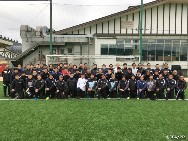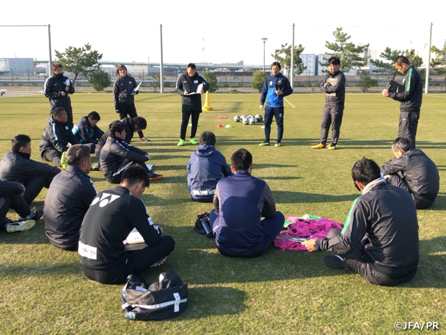 B級コーチ養成講習会に向けた研修会を東西2会場に分け、東は時之栖、西はJ-GREEN堺にて実施しました。今年度はJFA・FAと合わせて53コースが開催予定であり、約100名のインストラクターが集まりました。2018年はロシアワールドカップでの日本代表の活躍があり、また今年はU-17・U-20のワールドカップが開催されます。育成年代の日本代表もそろって出場し、活躍が期待されています。その中で、改めて日本の目指す方向性を共有し、講習会の指導方針を確認するなど充実した研修会となりました。都道府県FAインストラクターの皆さんは、日常から研さんを積んでいる指導実践や受講者から意見を引き出すファシリテーターとしてのスキル習得に積極的に取り組んでいました。これから開始する各コースの受講生の皆様には、質の高い・オープンマインドなコースを受講していただけると思います。
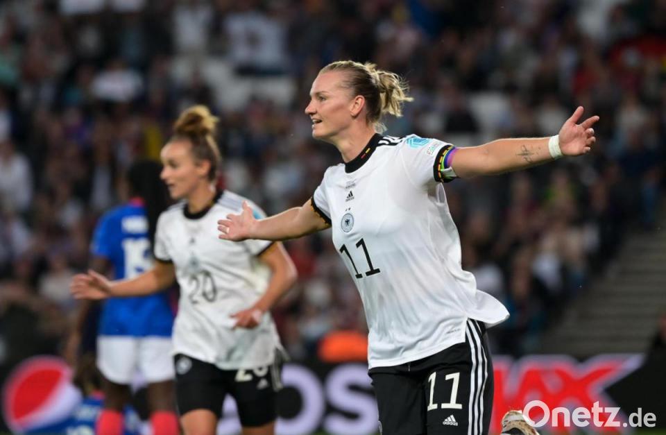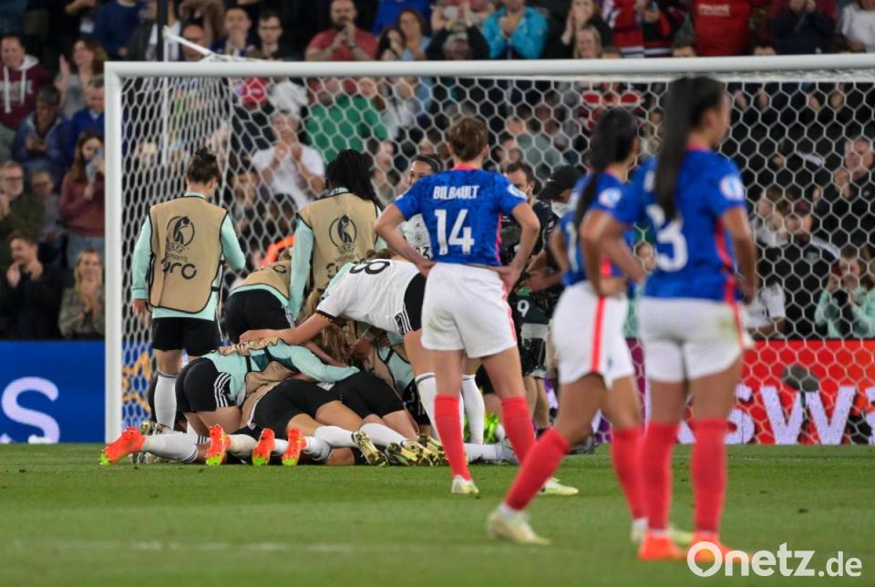Die Nationalspielerinnen stürmten überglücklich auf ihre Torgarantin zu, Bundestrainerin Martina Voss-Tecklenburg verbarg ihr Siegerlachen kurz hinter beiden Händen. Auf nach Wembley - die deutschen Fußballerinnen um Alexandra Popp spielen um den EM-Titel! Die Kapitänin erzielte beim 2:1 (1:1) im Halbfinale gegen Frankreich am Mittwochabend in Milton Keynes ihr fünftes und sechstes Tor im fünften Turnierspiel. Noch auf dem Rasen versammelte Voss-Tecklenburg ihre Finalistinnen zur Einstimmung auf das große Endspiel in Londons legendärem Stadion am Sonntag (18.00 Uhr MESZ/ARD und DAZN) gegen Gastgeber England.
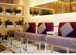 こだわりの家具や小物を集めた、大人の女性もときめく素敵空間で、上質なネイルサービスを。ゆったりくつろげるソファのフット席もお勧めです。
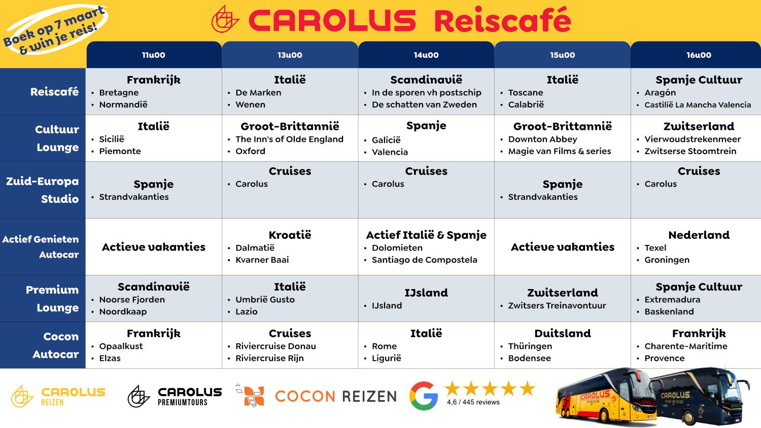 Boek tijdens het reisevent, op 7 maart, je vakantie, en win je reis gratis terug. Hoge winstkansen!
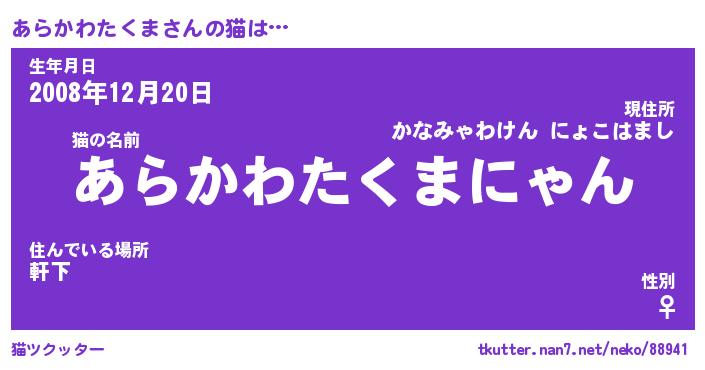 | 女子向けラノベタイトル風あだ名 | 『(仮)あらかわたくまのやんごとなき事情』 |
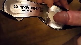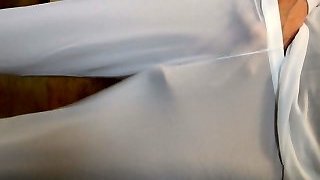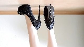 Girl in high heels is on hunkers shows cunt hair on piss cam

Work to be completed: Give the records above again verbatim, pictures omitted.

Result below:
 B級コーチ養成講習会に向けた研修会を東西2会場に分け、東は時之栖、西はJ-GREEN堺にて実施しました。今年度はJFA・FAと合わせて53コースが開催予定であり、約100名のインストラクターが集まりました。2018年はロシアワールドカップでの日本代表の活躍があり、また今年はU-17・U-20のワールドカップが開催されます。育成年代の日本代表もそろって出場し、活躍が期待されています。その中で、改めて日本の目指す方向性を共有し、講習会の指導方針を確認するなど充実した研修会となりました。都道府県FAインストラクターの皆さんは、日常から研さんを積んでいる指導実践や受講者から意見を引き出すファシリテーターとしてのスキル習得に積極的に取り組んでいました。これから開始する各コースの受講生の皆様には、質の高い・オープンマインドなコースを受講していただけると思います。
Die Nationalspielerinnen stürmten überglücklich auf ihre Torgarantin zu, Bundestrainerin Martina Voss-Tecklenburg verbarg ihr Siegerlachen kurz hinter beiden Händen. Auf nach Wembley - die deutschen Fußballerinnen um Alexandra Popp spielen um den EM-Titel! Die Kapitänin erzielte beim 2:1 (1:1) im Halbfinale gegen Frankreich am Mittwochabend in Milton Keynes ihr fünftes und sechstes Tor im fünften Turnierspiel. Noch auf dem Rasen versammelte Voss-Tecklenburg ihre Finalistinnen zur Einstimmung auf das große Endspiel in Londons legendärem Stadion am Sonntag (18.00 Uhr MESZ/ARD und DAZN) gegen Gastgeber England.
 こだわりの家具や小物を集めた、大人の女性もときめく素敵空間で、上質なネイルサービスを。ゆったりくつろげるソファのフット席もお勧めです。
 Boek tijdens het reisevent, op 7 maart, je vakantie, en win je reis gratis terug. Hoge winstkansen!
 | 女子向けラノベタイトル風あだ名 | 『(仮)あらかわたくまのやんごとなき事情』 |
 Girl in high heels is on hunkers shows cunt hair on piss cam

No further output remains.